True spirituality
Not sure if you've noticed, but I can sometimes be all about performance and doing things right.
So, for a long time, when I saw a Christian acting in a not-so-"spiritual" way like, for example, smoking I'd be shocked inside, although I always tried not to show it. I was so caught up in trying to be perfect and to be a good example of a Christian, I used to privately think of such people as the "not so committed" ones.
Of course, this was before I realised that my life is pretty messy and that one's struggles don't necessarily show on the outside: a person can be struggling to change and yet outwardly seem to be content with the status quo. There's nothing like falling flat on your face to kill a critical attitude and give you some much-needed compassion.
Still, this passage from Messy Spirituality really challenged me. Mike Yaconelli tells of the time he spoke at a conference:
I mentioned that a woman in my church whom I deeply respect and who is one of the most godly women I know smokes and sometimes uses colourful language. After the talk, I was made aware of a pastor in the audience who was outraged by what I'd said... After the conference, trying to understand what he was so upset about, I contacted him."How dare you tell the audience that 'one of the most godly women you know' smokes and uses the language of the world?" he said, quite heatedly.

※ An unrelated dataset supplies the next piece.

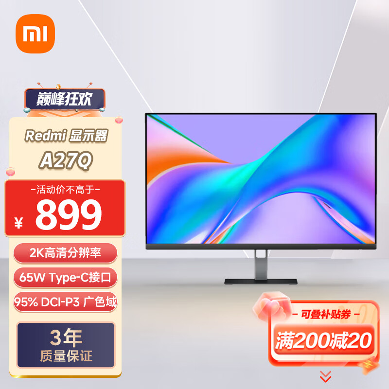 小米Redmi 27英寸2K显示器 A27Q IPS技术 Type-C反向充电 低蓝光爱眼 三微边设计电脑办公显示器价格:899.00元!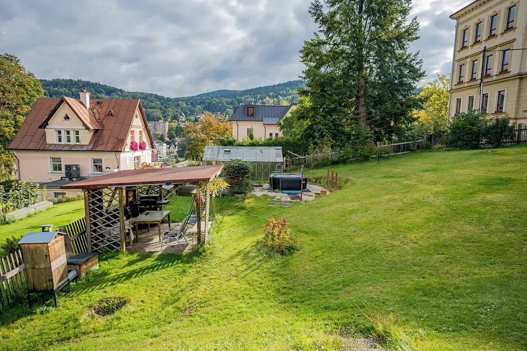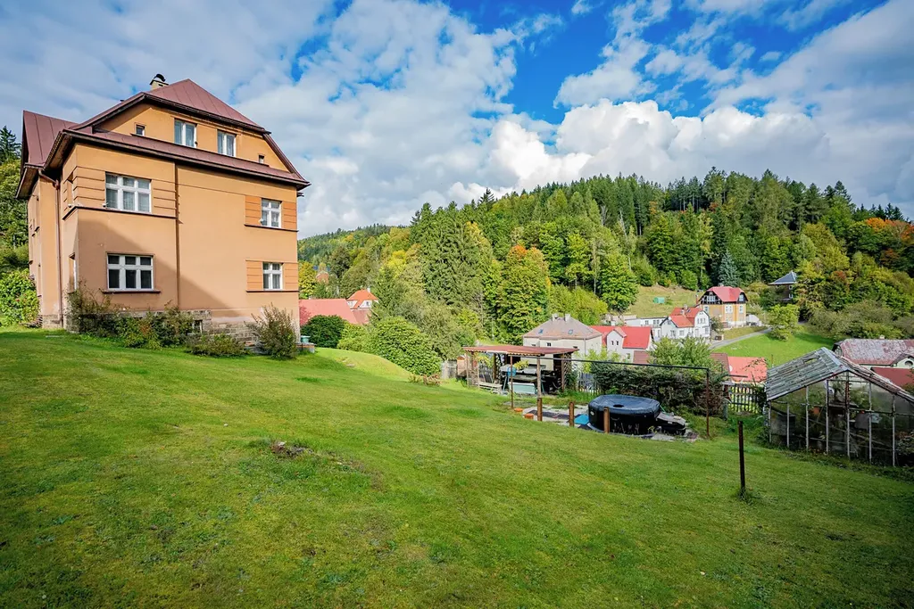 Nabízím udržovaný vícegenerační rodinný dům o třech bytových jednotkách s prostornou zahradou a garážemi v ulici Komenského v Tanvaldě. Dům se nachází na slunném klidném místě nedaleko centra s výhledem na Šumburk n.D. Jedná se o samostatně stojící rodinný dům o jednom podzemním podlaží, kde se nachází sklady, dílna, kotelna a sklepní kóje, a třech nadzemních podlažích, ve kterých je vždy umístěna bytová jednotka o velikosti 3+1. K dispozici je také společná půda. Každý byt má vlastní elektrickou přípojku, poměrové měření vody a samostatný ohřev teplé vody pomocí plynové karmy. Společné je však ústřední plynové vytápění. V případě potřeby je zde i záložní kotel na tuhá paliva. Objekt je napojený na obecní vodovod a kanalizace je svedena do septiku. K domu patří udržovaná zahrada o výměře 1.362 m2, na které se nachází ovocné stromy a keře, dále pak dřevěná pergola. K Dispozici je také velká dvojgaráž od zast. ploše 91 m2 a jedno zastřešené parkovací stání. Dům i garáže jsou celoročně přístupné po místní asfaltové komunikaci. Rodinný dům je vhodný pro početnou rodinu nebo jako investici na pronájem jednotlivých bytů. Volné dohodou.

"Because she is one of the most godly women I know, and she does happen to smoke and use 'colourful' language," I replied.
The conversation went on for a long time, and he was not impressed with my defence of this woman. Although he didn't use these words, what he was saying was clear: "Godly women do not smoke, nor do they use 'colourful' language! Full stop."
The idea that a person could be smoking, drinking, swearing (or whatever insert your own verb here) and still be godly sounded preposterous to me at first, too.
But I know one person exactly like the lady Yaconelli is describing, except that he's a guy.
When my friend talks about God, I see passion. I see a desperate desire to hang on to God. You know that "God, I know You're real and whatever happens, I am not letting go of You, because I can't!" kind of feeling. I see a relationship with God that is messy and up-and-down, the way real relationships are. I see a continued commitment to work at that relationship and to do the best he can, which is really all any of us can do.
I'm telling you, my friend is the epitome of messy spirituality. Because of him, I know what Yaconelli is talking about. Because of him, I know what true godliness looks like: holding on even when you can't push on, when life just sucks so much no one could honestly blame you for throwing everything in and stomping out.
Sometimes, like Yaconelli says, 60% is 100% of all we have to give. "And God is there, in the middle of our 'meagre' 60 per cent, recognising the seeds of growth in what we're giving Him." Indeed.
Thank you, my friend. You are an example and an inspiration to me.